It really is Duncan disorderly when the former coach of the England cricket team waits a good seven months to say something he should have said at the time.

In what can only be described as a ‘late cut’ attack on Andrew Flintoff, Duncan Fletcher - the Zimbabwean who masterminded England to an astonishing Ashes win in 2005 - claimed the Lancashire all-rounder "let him down" with his drinking antics.

Yes, Flintoff had been warned about his drinking during the next Ashes series, the result of which is too painful to type here, and then came the famous 'Fredalo' incident in the World Cup, after which he was stripped of the vice-captaincy and fined for a late-night drinking session.

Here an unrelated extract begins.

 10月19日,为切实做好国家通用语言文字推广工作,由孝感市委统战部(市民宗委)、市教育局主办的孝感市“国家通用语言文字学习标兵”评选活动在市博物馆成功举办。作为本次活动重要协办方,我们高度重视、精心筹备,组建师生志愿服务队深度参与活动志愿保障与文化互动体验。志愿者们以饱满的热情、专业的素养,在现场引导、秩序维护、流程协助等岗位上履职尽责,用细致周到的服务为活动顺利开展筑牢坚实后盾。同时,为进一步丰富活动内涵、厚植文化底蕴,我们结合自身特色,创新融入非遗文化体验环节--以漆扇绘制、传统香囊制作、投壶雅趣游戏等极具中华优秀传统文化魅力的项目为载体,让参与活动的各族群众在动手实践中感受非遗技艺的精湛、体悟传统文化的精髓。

'This is yet another example of how the PR luvvies are driving sport and frankly, the whole thing stinks'


Fletcher’s autobiography, Behind The Shades, is released in time for Christmas (amazing coincidence) and in an interview with the Daily Mail, he let rip: "I've supported a lot of players and I supported Andrew but then he drank again at the World Cup after what had happened in Australia while I was taking a pasting. If he does ring me when he sees what I have written, I will say, 'At the end of the day, Fred, you let me down in an area that you had real control over'."

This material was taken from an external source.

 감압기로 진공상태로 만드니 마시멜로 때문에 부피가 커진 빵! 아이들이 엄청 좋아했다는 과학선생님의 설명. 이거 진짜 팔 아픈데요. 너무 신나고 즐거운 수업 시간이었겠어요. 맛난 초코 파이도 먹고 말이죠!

I said it at the time and I say it again now, Fletcher should have humiliated Flintoff and sent him back to England on the spot. But of course England were still in with a remote chance of doing something in the Caribbean, and as has been the case with English cricket over the past God knows how many years, no matter who does what off the pitch, as long as there is a chance of success, the gutless toffs who run the game will put up with anything.

For Fletcher to come along now and state the bleedin’ obvious serves only one purpose - to sell more copies of his book, get some media attention, and drift off into the wilderness hoping some county or cruddy second-string Southern Hemisphere state side will pick the phone up.

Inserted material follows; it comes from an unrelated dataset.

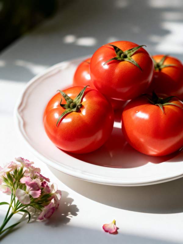 鲜红番茄伴花影

But of course, had Fletcher and the England management dealt with Flintoff on the post in the way they should, there would not have been a story for the book launch to hit the Christmas shelves.

This is yet another example of how the PR luvvies are driving sport and frankly, the whole thing stinks. Every piece of sports ‘news’, other than match reports, is controlled by blokes in designer glasses stuffing their goatee-bearded faces with lattes and croissants before frantically leaking a bit of gossip to a sports editor desperate for some tittle-tattle to splash across the back pages.

So instead of Fletcher’s insight as to how he tamed the Aussie Behemoth in 2005, the book will be remembered for his attack on Flintoff. And of course, Flintoff’s PR machine (probably the same gang of goatee beards) will respond and the media will be full of it all.

It’s time for an amnesty and for sports-media outlets to demand that the PR companies, agents, advisors and the rest of the peripheral trendies hand in their knives and stop creating a media hysteria over sporting issues. Oh, and it’s also time for the Fletchers of this world to stand up and be counted when their top player goes out on a drinking binge the night before a World Cup game and send the moron home to think about the consequences of his actions.